Westminster’s parliamentary bars cost taxpayers £7.4 million annually. Strangers’ Bar sells pints at £5.45 – nearly £2 less than the pub across the road – and still runs at a £56,000 annual loss despite paying no rent on its premises. An NHS worker who drinks on shift faces disciplinary action or dismissal. A teacher who drinks before a lesson faces the same. A bus driver, a pilot, an anaesthetist.
The “get a life” response from MPs being asked to consider this comparison is, in its own way, informative.
Starmer’s non-answer
The Prime Minister’s response to Spencer’s question was to not answer it. “There are going to be different views on whether people can enjoy a drink here or not,” he said – a sentence that manages to be both technically accurate and completely evasive simultaneously.
Rather than address the substance – whether subsidised alcohol in a workplace where people vote on national legislation is appropriate – he used the occasion to attack Green leader Zack Polanski.
“The Greens think that their leader walks on water,” Starmer said. “Turns out, he just lives on water and doesn’t pay his council tax.”
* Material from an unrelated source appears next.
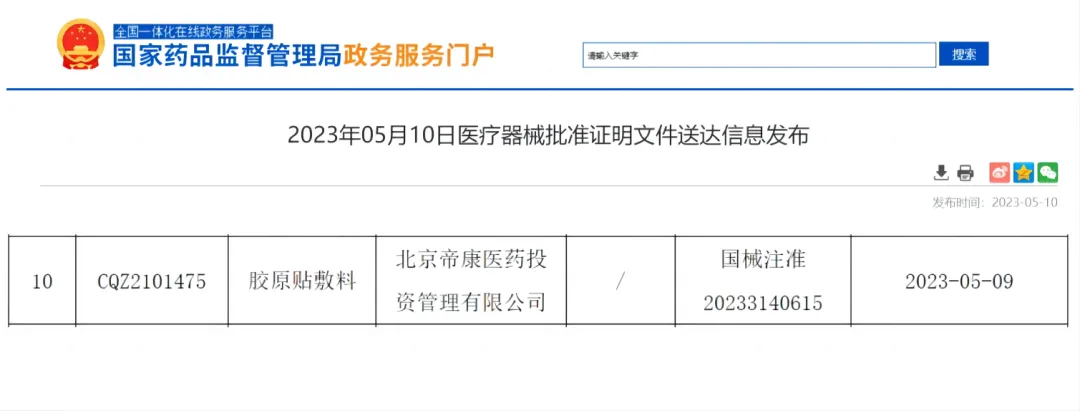 2023年5月9日,奧泰康北京CDMO中心取得「首張」國家藥監局批準的三類醫療器械注冊證(國械注準20233140615),系全國首個以細胞外基質來源的膠原蛋白為原料制備的三類膠原貼敷料。此項目是北京CDMO中心基于“十三五”國家重..
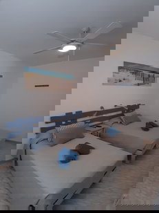 Casa con capacidad de 4 a 6 personas, que conta de 2 habitaciones (una con cama de matrimonio y otra con 2 camas), salón-comedor , cocina abierta comunicada con el salón, baño completo y una gran terraza enfocada hacia el Este desde donde también se puede contemplar el amanecer.

Polanski was forced to apologise last week after it emerged he had not paid council tax on his houseboat in London. The apology came at an awkward moment for a party whose central appeal is that it represents a different, more authentic kind of politics – and whose gains in the May local elections, as we covered in our election results piece, included winning Hackney’s first directly elected Green mayor.
The houseboat line will get the headlines. Spencer’s question – whether MPs should drink before voting on child poverty legislation – will not. This is, arguably, the more significant of the two stories.
The question parliament does not want to answer
Spencer is a new MP asking an obvious question that the majority of the public agrees with, in an institution that has decided the answer is “get a life.” The prime minister, asked to take a position, made a joke about someone else.
The YouGov data is clear. 76% of Britons think MPs should not drink before they vote. The people who could act on that – the MPs themselves – responded to the suggestion by heckling the person making it and then deflecting to an unrelated attack.
Zack Polanski’s houseboat council tax is a legitimate story and a genuine embarrassment for the Greens. It is also, in the context of this particular PMQs exchange, a convenient distraction from a question nobody in the chamber appeared to want to discuss on its merits.
Spencer asked whether MPs should drink before voting on the climate crisis, disabled rights, housing and child poverty. Westminster’s answer, on Wednesday, was to shout at her and change the subject.